### About this exercise
Retype word for word the stretch of entries below from the line that has "The muted yellow" through the line that has "메이저리그(MLB) 샌디에이고 파드리스에", and omit the pictures.

### Source information
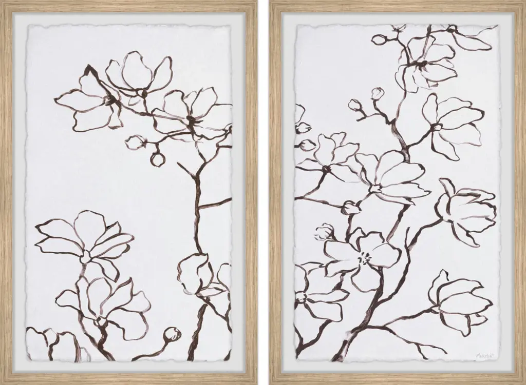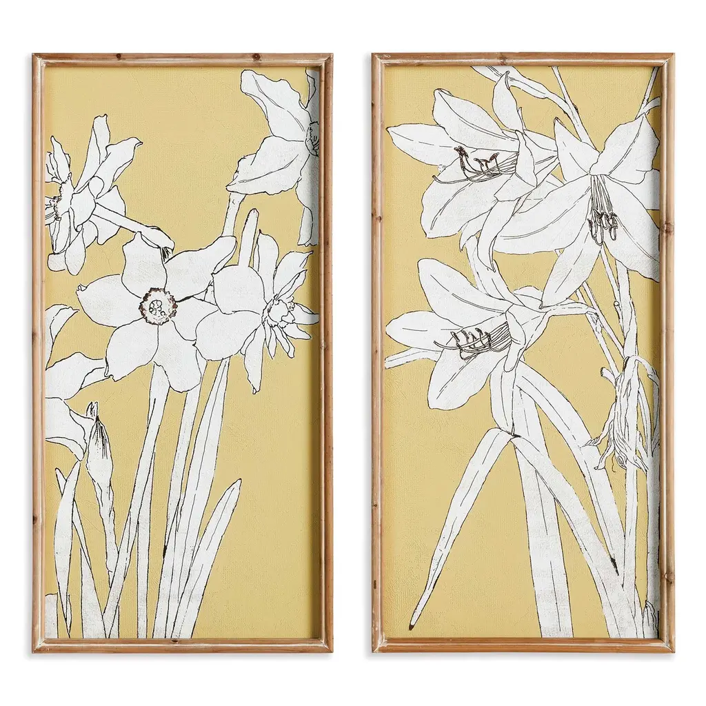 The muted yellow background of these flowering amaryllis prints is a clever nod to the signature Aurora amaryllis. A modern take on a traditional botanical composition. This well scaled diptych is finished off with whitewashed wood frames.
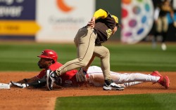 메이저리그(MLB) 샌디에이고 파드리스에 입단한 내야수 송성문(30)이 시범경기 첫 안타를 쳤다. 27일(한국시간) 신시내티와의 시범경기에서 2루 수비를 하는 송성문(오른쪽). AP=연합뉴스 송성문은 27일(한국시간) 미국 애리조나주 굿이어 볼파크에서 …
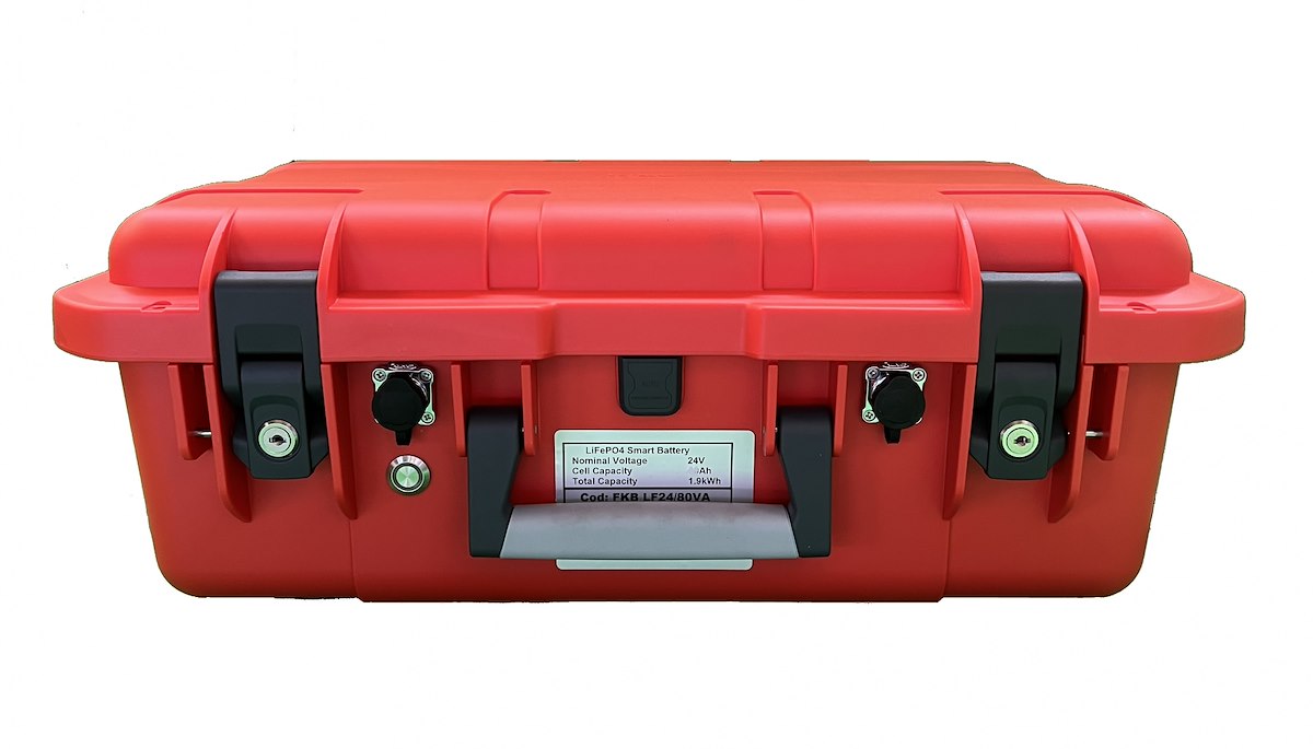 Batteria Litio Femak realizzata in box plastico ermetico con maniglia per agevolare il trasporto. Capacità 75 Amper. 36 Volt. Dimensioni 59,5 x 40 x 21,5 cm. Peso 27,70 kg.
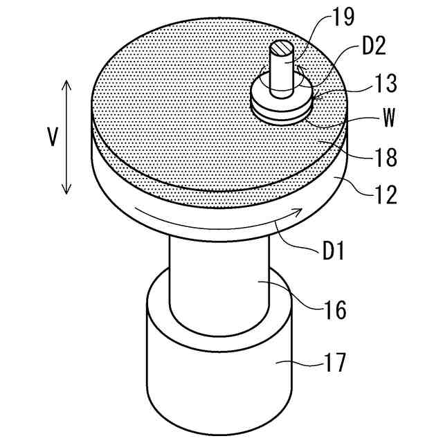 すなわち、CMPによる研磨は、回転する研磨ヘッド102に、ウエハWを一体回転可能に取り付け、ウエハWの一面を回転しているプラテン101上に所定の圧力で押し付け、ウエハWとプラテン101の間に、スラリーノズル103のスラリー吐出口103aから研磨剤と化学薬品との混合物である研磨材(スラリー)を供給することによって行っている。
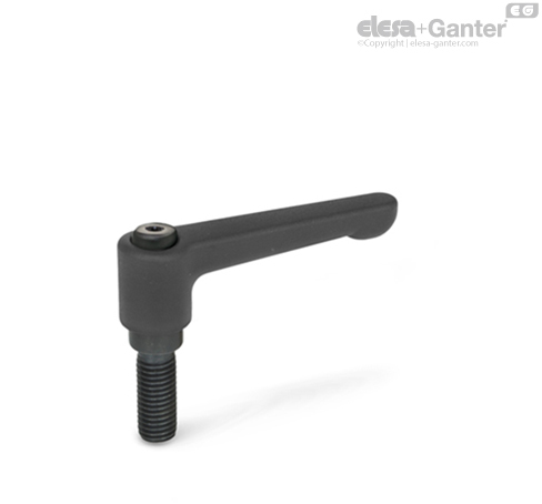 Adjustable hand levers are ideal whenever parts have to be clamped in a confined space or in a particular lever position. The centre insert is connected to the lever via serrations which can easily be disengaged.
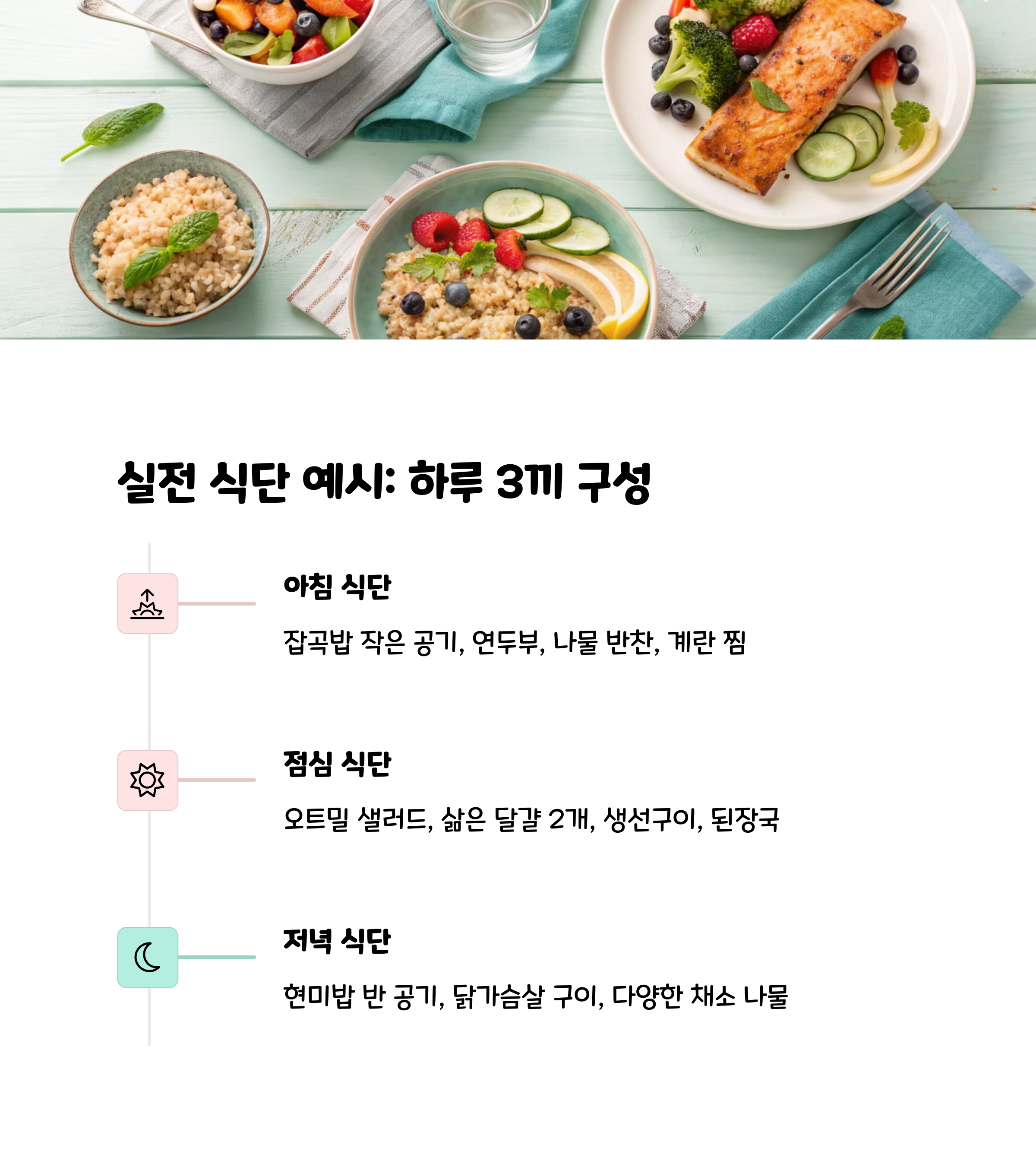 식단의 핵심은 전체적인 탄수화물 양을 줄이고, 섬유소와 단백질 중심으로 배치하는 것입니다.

==

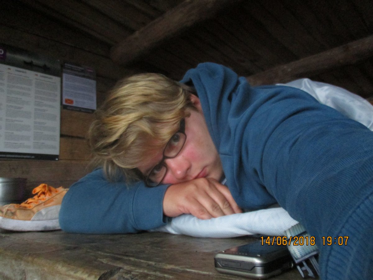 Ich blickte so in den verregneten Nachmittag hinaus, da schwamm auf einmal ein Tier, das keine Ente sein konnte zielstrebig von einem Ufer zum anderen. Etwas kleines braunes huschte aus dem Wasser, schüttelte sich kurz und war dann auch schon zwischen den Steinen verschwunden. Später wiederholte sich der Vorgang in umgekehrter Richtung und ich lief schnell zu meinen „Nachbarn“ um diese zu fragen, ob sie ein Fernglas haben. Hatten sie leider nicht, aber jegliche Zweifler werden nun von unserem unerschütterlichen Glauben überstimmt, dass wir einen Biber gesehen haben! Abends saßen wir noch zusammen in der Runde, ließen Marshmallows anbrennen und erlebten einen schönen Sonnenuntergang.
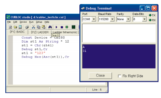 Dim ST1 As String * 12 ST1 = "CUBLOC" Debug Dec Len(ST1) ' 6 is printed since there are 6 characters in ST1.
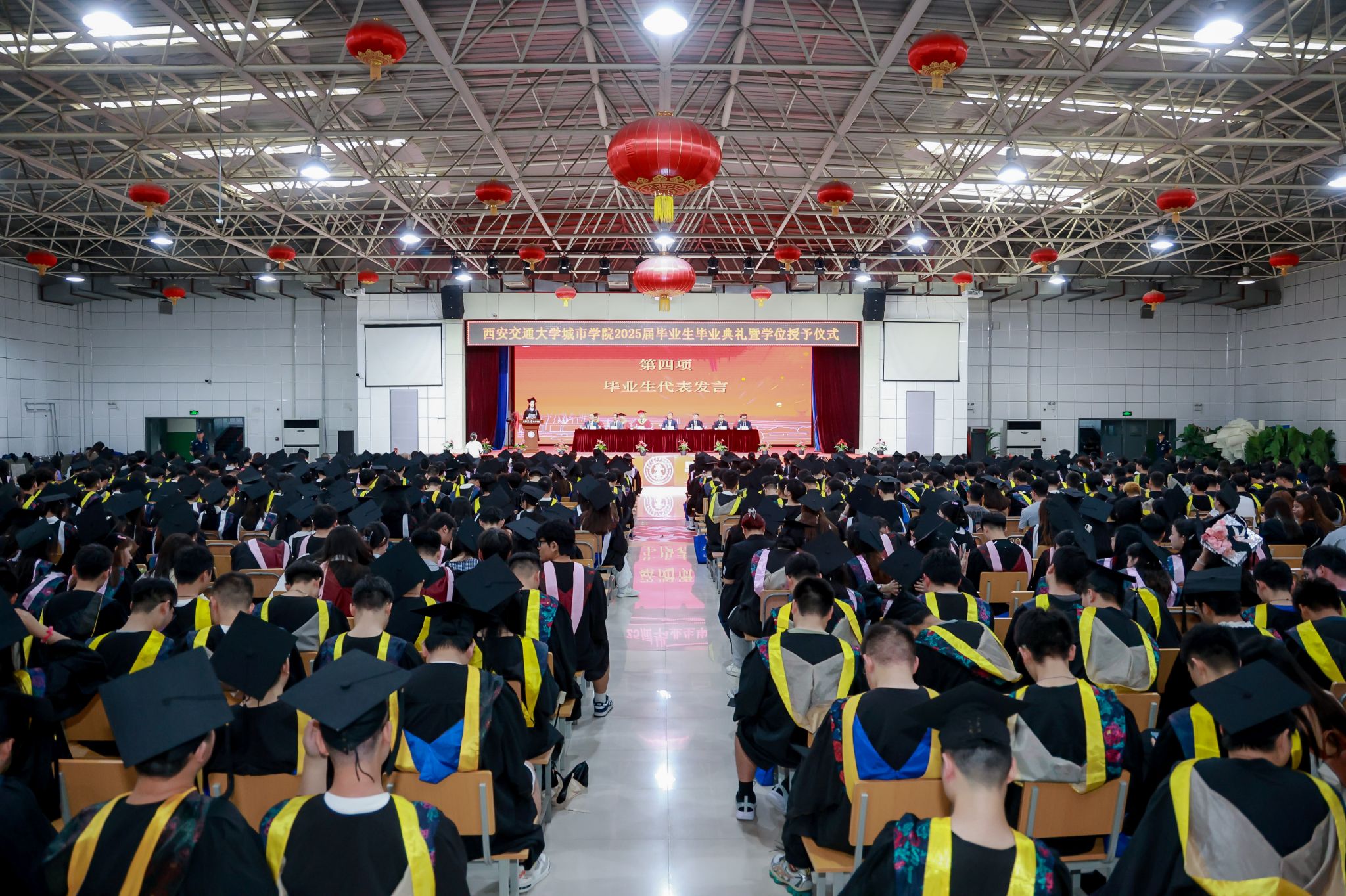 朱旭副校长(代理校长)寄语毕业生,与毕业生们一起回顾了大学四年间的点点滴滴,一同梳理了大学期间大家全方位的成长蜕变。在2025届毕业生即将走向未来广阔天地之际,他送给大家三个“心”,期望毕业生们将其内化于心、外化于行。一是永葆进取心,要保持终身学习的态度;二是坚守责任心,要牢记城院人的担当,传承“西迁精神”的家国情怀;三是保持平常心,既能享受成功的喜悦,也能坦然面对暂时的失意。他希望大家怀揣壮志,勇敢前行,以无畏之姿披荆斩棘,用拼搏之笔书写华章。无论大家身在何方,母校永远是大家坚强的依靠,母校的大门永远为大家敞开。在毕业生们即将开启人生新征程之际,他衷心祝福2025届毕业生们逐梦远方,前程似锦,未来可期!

--

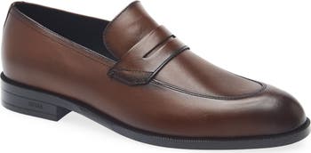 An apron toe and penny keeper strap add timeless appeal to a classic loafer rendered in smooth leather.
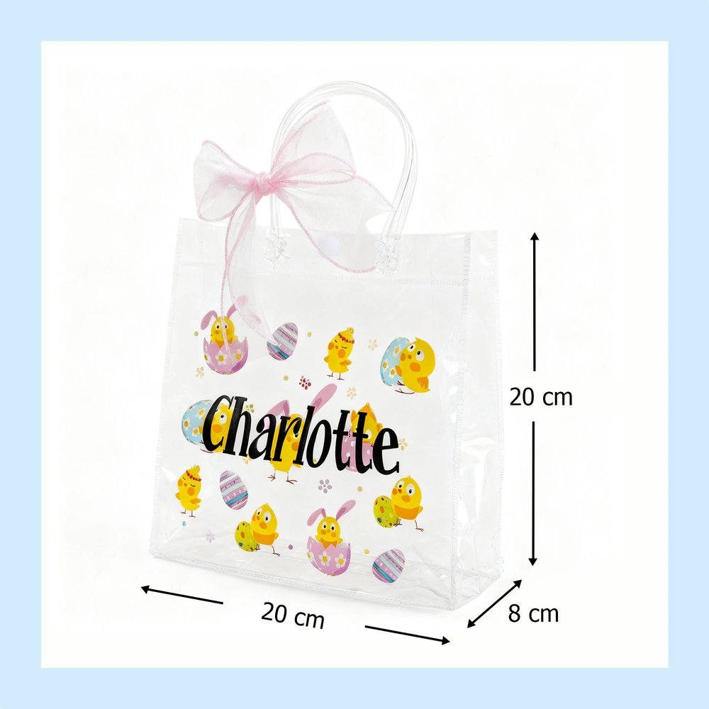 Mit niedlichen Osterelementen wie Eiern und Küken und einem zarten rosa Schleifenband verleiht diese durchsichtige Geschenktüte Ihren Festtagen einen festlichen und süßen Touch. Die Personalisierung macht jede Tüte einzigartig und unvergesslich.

### Problem solution
 The muted yellow background of these flowering amaryllis prints is a clever nod to the signature Aurora amaryllis. A modern take on a traditional botanical composition. This well scaled diptych is finished off with whitewashed wood frames.
 메이저리그(MLB) 샌디에이고 파드리스에 입단한 내야수 송성문(30)이 시범경기 첫 안타를 쳤다. 27일(한국시간) 신시내티와의 시범경기에서 2루 수비를 하는 송성문(오른쪽). AP=연합뉴스 송성문은 27일(한국시간) 미국 애리조나주 굿이어 볼파크에서 …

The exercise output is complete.